== Aim of the exercise ==
The reply should hold only the lines below beginning at the one with "An Indian policeman" and ending at the one with "데미지 배율 14.6%", copied exactly, with every picture left out.

Source data

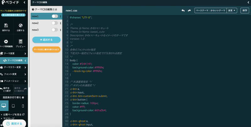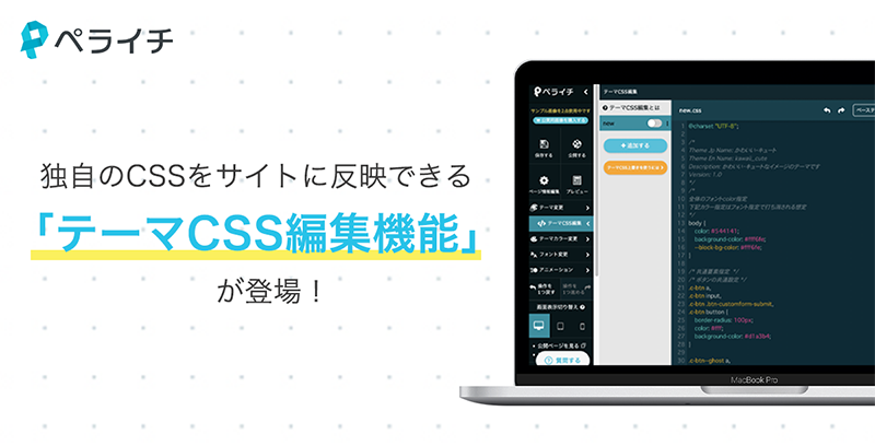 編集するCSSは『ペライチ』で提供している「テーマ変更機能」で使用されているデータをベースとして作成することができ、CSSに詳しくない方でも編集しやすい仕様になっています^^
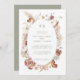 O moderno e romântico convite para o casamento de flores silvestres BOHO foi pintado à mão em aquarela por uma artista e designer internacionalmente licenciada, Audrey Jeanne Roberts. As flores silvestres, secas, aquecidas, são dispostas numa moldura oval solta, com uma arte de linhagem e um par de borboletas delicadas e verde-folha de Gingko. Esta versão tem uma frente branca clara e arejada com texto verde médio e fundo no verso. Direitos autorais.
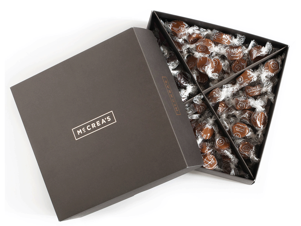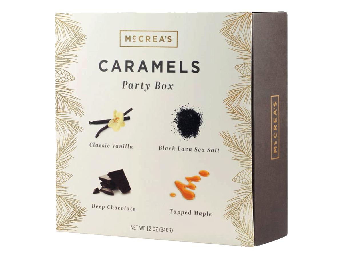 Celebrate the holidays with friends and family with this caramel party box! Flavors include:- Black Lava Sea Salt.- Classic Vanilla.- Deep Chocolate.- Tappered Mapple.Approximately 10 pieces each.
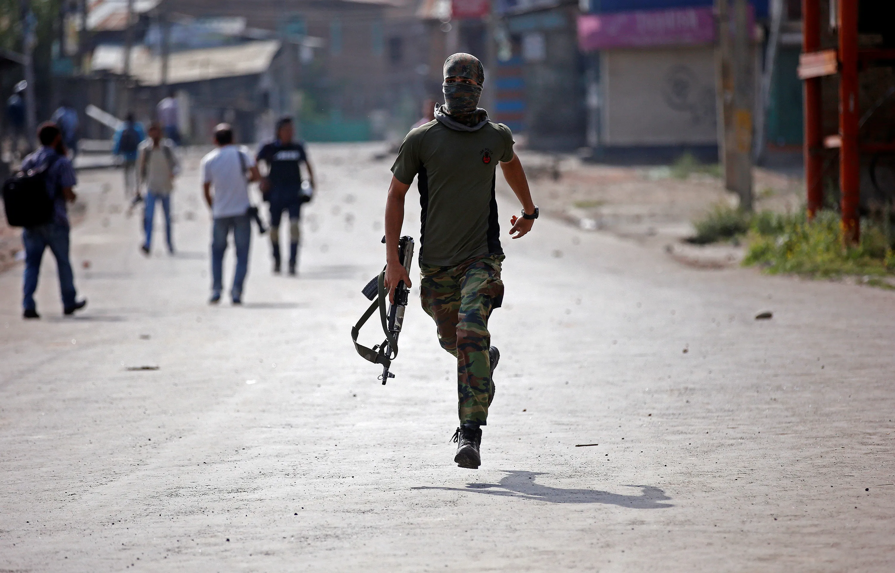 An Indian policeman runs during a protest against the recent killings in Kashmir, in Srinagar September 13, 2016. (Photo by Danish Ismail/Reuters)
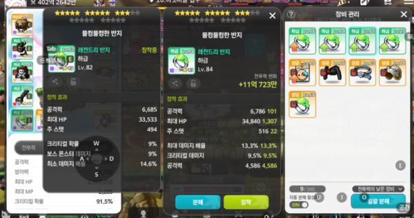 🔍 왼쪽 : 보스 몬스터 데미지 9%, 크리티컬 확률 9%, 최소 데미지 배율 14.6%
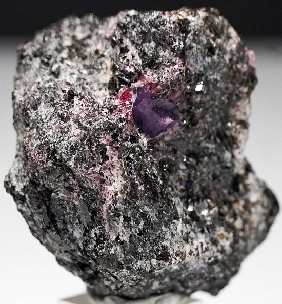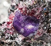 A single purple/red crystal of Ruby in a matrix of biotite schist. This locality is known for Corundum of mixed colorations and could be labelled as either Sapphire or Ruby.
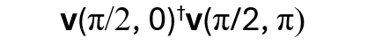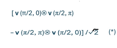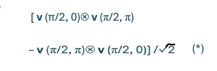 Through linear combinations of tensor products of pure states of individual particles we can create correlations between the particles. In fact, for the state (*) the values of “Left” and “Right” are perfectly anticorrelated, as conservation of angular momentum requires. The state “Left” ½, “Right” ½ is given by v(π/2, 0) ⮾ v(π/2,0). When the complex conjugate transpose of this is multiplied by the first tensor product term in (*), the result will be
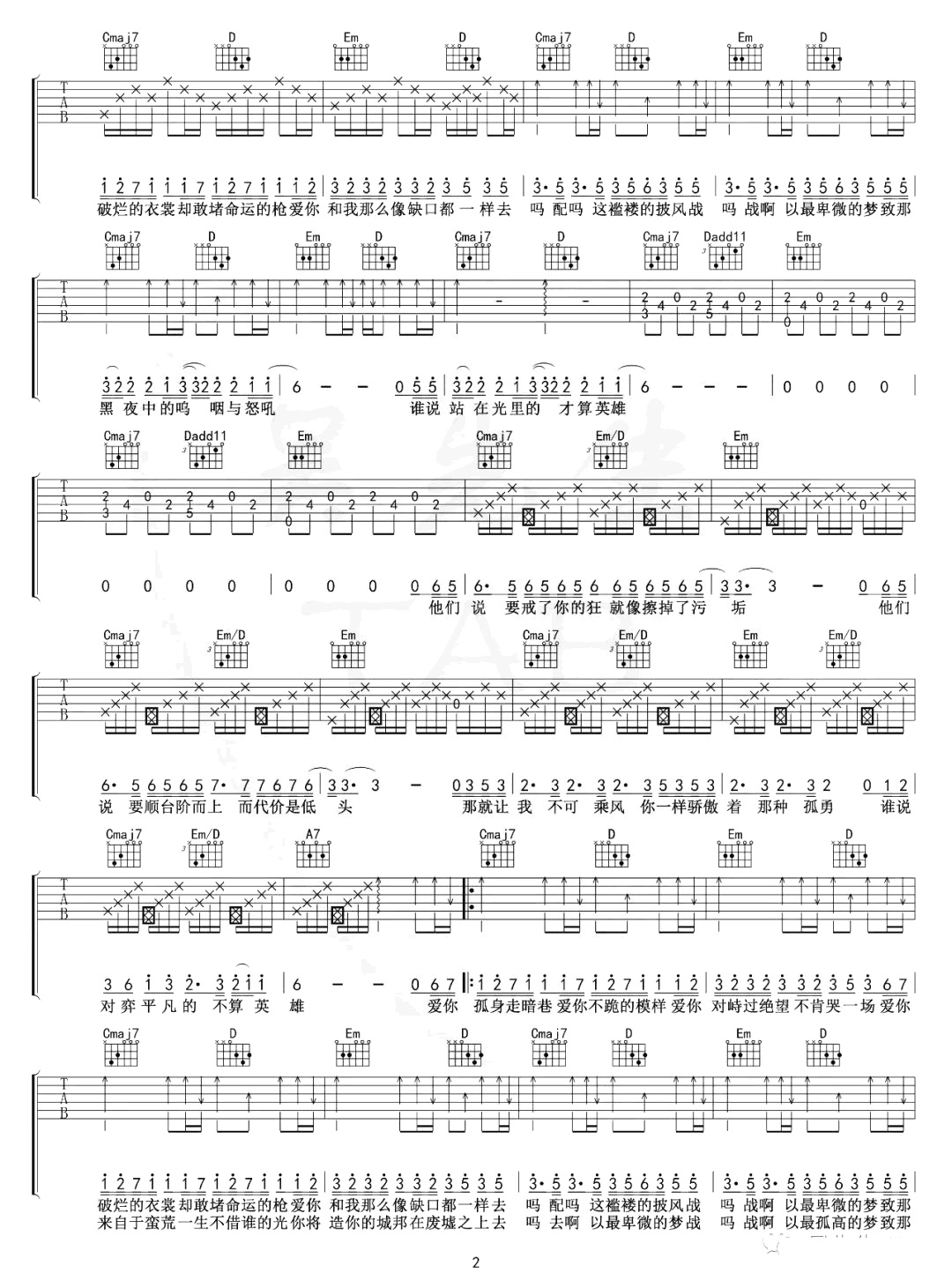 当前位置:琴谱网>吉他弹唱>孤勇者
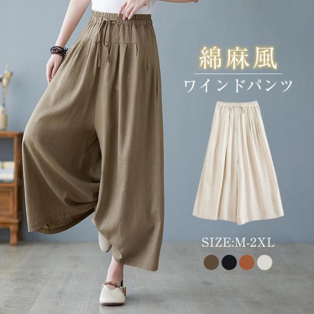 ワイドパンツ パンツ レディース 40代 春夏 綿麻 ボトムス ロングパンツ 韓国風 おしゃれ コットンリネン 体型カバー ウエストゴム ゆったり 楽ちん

== Result for this task ==
 An Indian policeman runs during a protest against the recent killings in Kashmir, in Srinagar September 13, 2016. (Photo by Danish Ismail/Reuters)
 🔍 왼쪽 : 보스 몬스터 데미지 9%, 크리티컬 확률 9%, 최소 데미지 배율 14.6%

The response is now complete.